Entries supplied =
/---
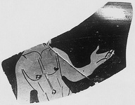 | Description: | Rim fragment. Nude figure facing, preserved from neck to hips, and missing right forearm. Left arm bent at elbow with hand outstretched. Slight use of relief contour. Firm black glaze. | |
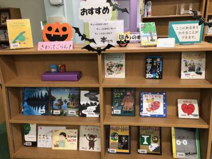 ハロウィンにちなんだ、不思議の本や、さわって楽しめる本なども展示されています。
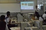 3年生を対象に羽咋工業高校の先生による授業が行われました。電子機械科の授業で、LEDライトをコンピュータプログラムで制御するという内容でした。授業始めの理論の講義は難しく、できるかとても不安でした。実際にやってみると、全員が自分の考えた通りにライトを点滅させることができ、とても楽しい時間となりました。
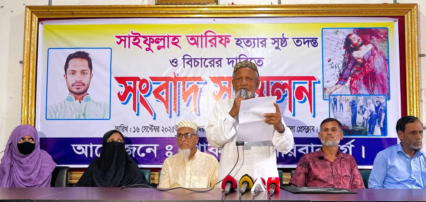 ভোলায় সাইফুল্লাহ আরিফ হত্যার সুষ্ঠ তদন্ত ও বিচারের দাবিতে সংবাদ সম্মেলন পরিবারের
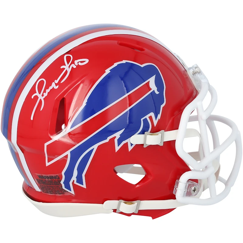 Elevate your collection of Buffalo Bills memorabilia with this Thurman Thomas autographed Riddell 1897-2001 Throwback Speed Mini Helmet. It features eye-catching team details and a distinct signature from the NFL legend. Additionally, this collectible includes an individually numbered, tamper-evident hologram that can be verified online to certify authenticity.
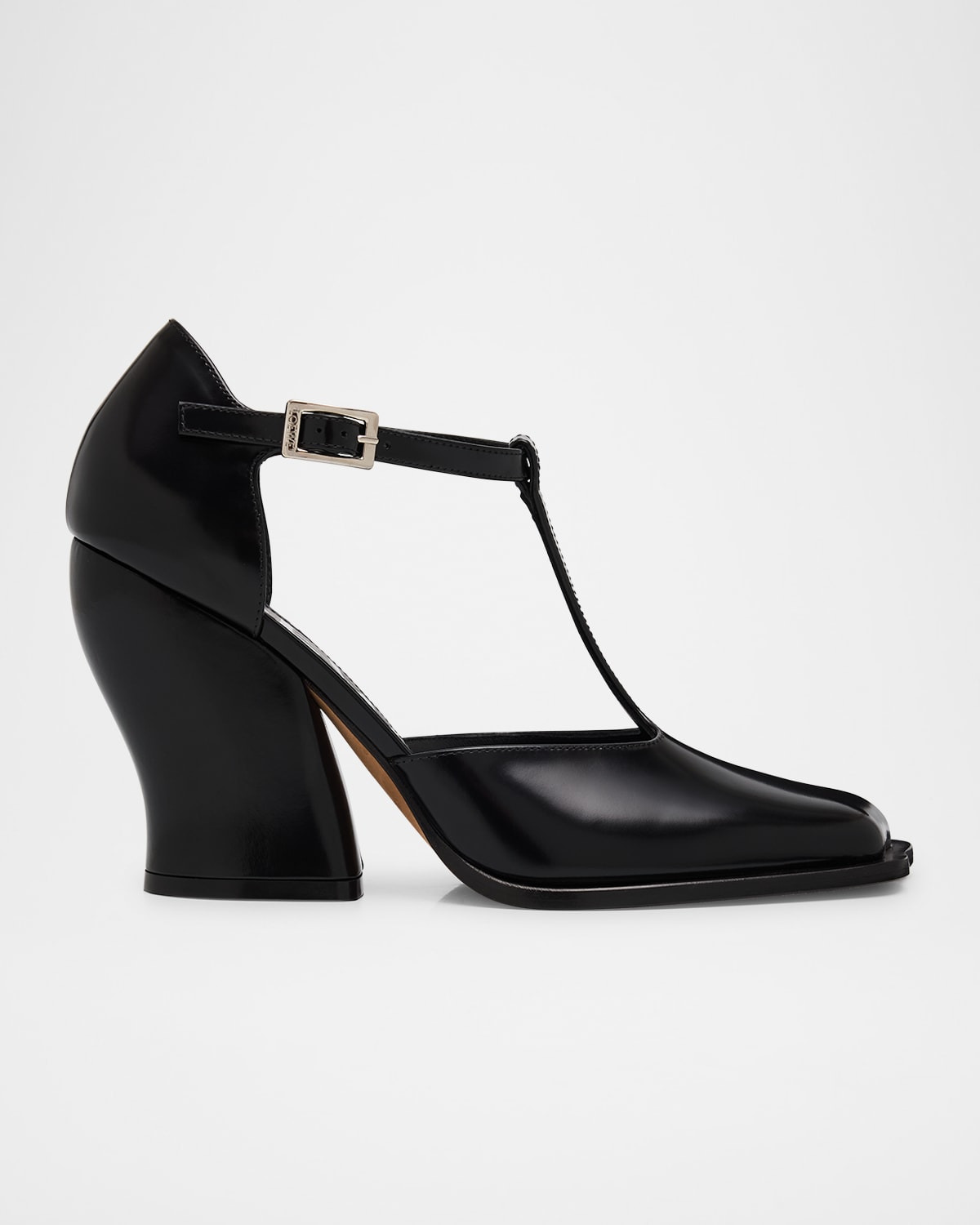 - Loewe "Onda" pumps crafted from smooth calfskin and lambskin leather - 3.50 in / 90 mm block heel - Asymmetric square toe - T-strap vamp - Buckle ankle strap - Leather outsole - Made in Italy
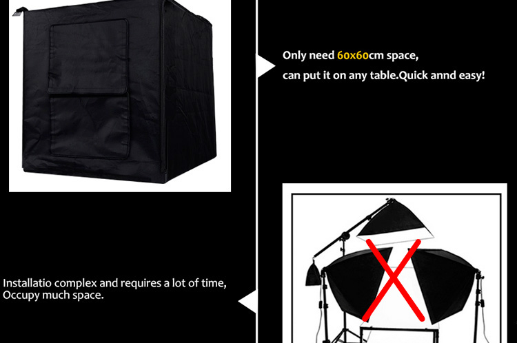 deze Fotografie Studio Licht Tent is duurzaam, en het heeft verbazingwekkende schieten effect. Perfect voor items zoals Sieraden, speelgoed, elektronica, cosmetica enzovoort.
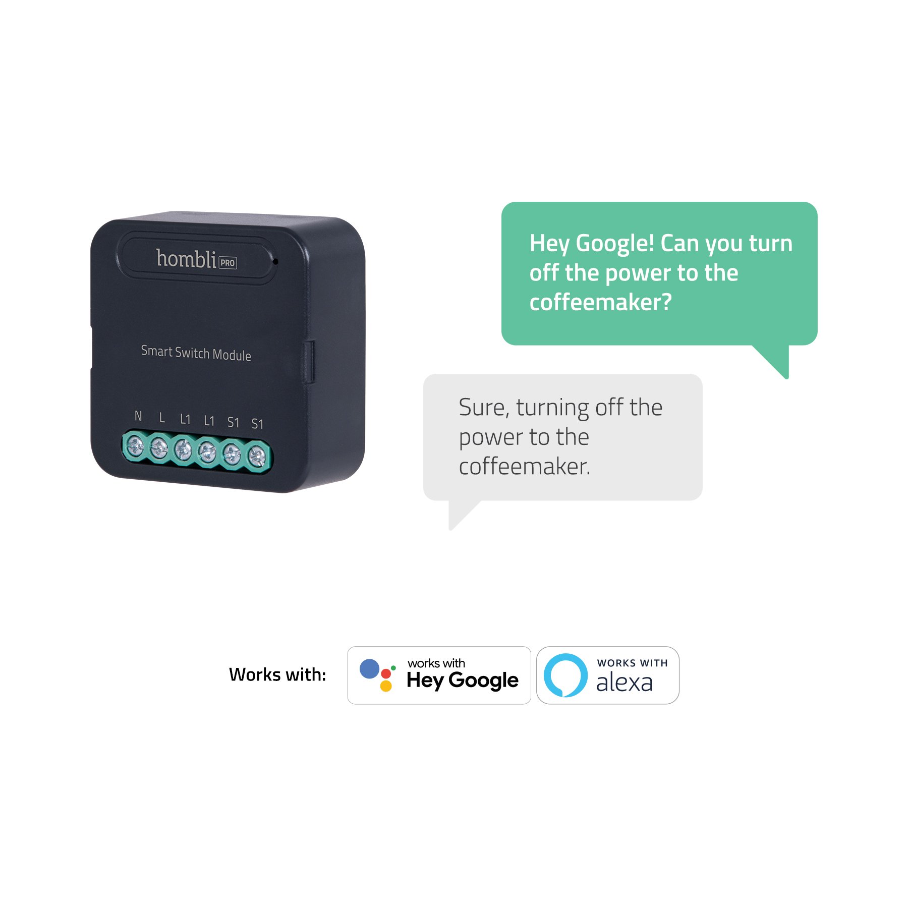 Hombli Smart Switch Module integrerer problemfrit med stemmeassistenter som Amazon Alexa og Google Assistant. Styr dine enheder med simple stemmekommandoer. Kombiner Hombli-modulet med andre Hombli smart home-enheder for at skabe avancerede scenarier, hvor flere enheder aktiveres samtidigt eller baseret på statusændringer. Modulet kan også kobles til andre mærker, der understøtter Tuya IoT-platformen.
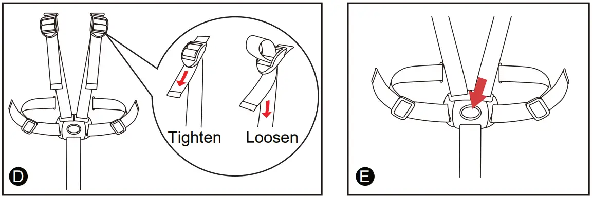 (17) To tighten or loosen the shoulder strap, hold and lift the slider and then pull the harness strap, to adjust to the desired fit. The waist strap and harness needs to fit firmly around child. (18) To release the buckle from the buckle housing, squeeze the button on the buckle housing (Fig. E).
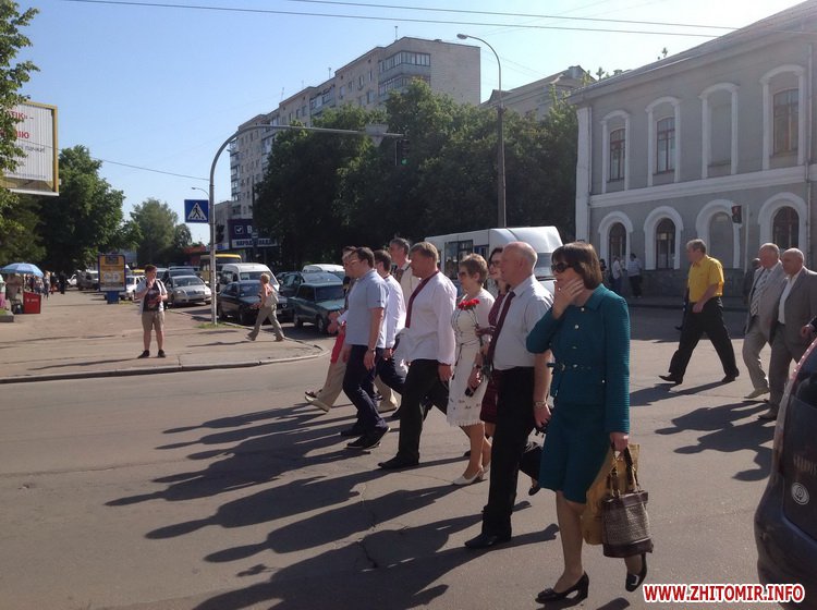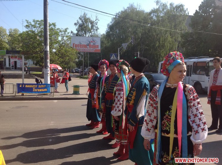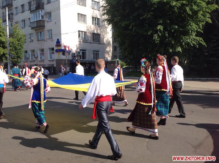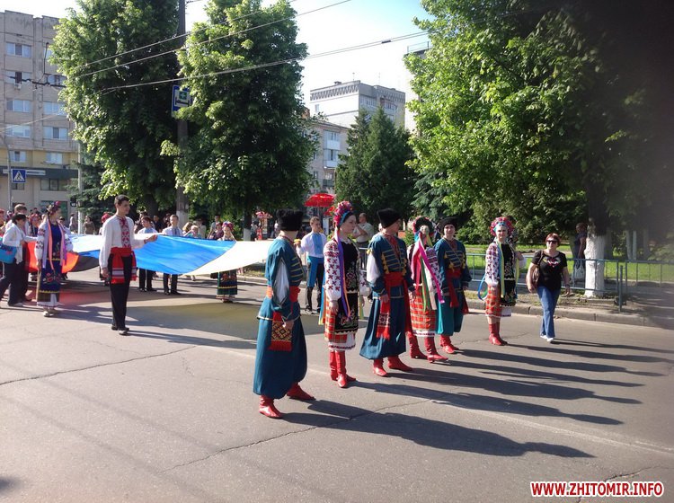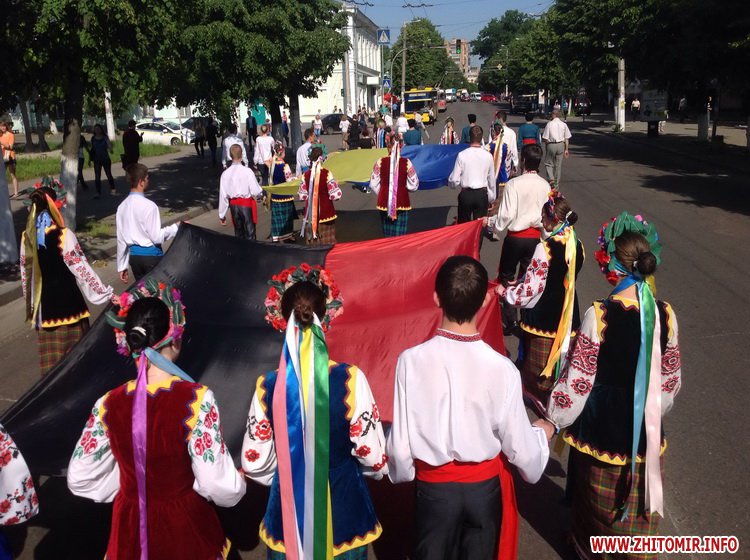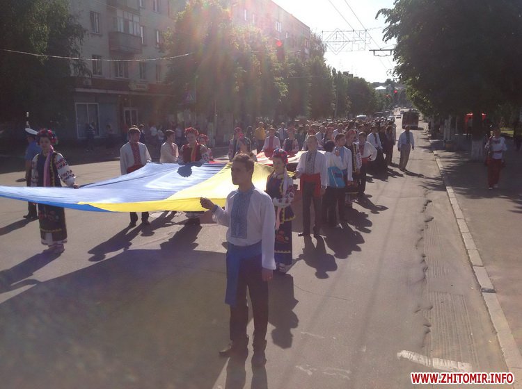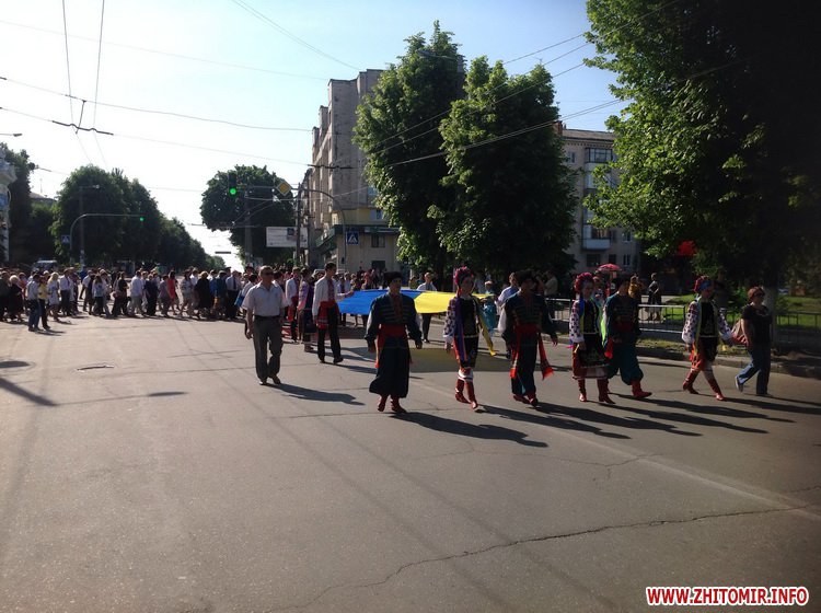 На чолі колони рухалися молоді люди, які несли два стяги - жовто-блакитний і червоно-чорний. За ними йшли житомирські чиновники та духовенство. Майже всі учасники ходи одягнені у вишиванки. Автомобілісти сигналять, вітаючи колону.
\---
What is needed = Excluding the pictures, restate word for word the lines from the one that holds "Made in Italy" through the last line of the entries, both ends included.

Completed task =
 - Loewe "Onda" pumps crafted from smooth calfskin and lambskin leather - 3.50 in / 90 mm block heel - Asymmetric square toe - T-strap vamp - Buckle ankle strap - Leather outsole - Made in Italy
 deze Fotografie Studio Licht Tent is duurzaam, en het heeft verbazingwekkende schieten effect. Perfect voor items zoals Sieraden, speelgoed, elektronica, cosmetica enzovoort.
 Hombli Smart Switch Module integrerer problemfrit med stemmeassistenter som Amazon Alexa og Google Assistant. Styr dine enheder med simple stemmekommandoer. Kombiner Hombli-modulet med andre Hombli smart home-enheder for at skabe avancerede scenarier, hvor flere enheder aktiveres samtidigt eller baseret på statusændringer. Modulet kan også kobles til andre mærker, der understøtter Tuya IoT-platformen.
 (17) To tighten or loosen the shoulder strap, hold and lift the slider and then pull the harness strap, to adjust to the desired fit. The waist strap and harness needs to fit firmly around child. (18) To release the buckle from the buckle housing, squeeze the button on the buckle housing (Fig. E).
 На чолі колони рухалися молоді люди, які несли два стяги - жовто-блакитний і червоно-чорний. За ними йшли житомирські чиновники та духовенство. Майже всі учасники ходи одягнені у вишиванки. Автомобілісти сигналять, вітаючи колону.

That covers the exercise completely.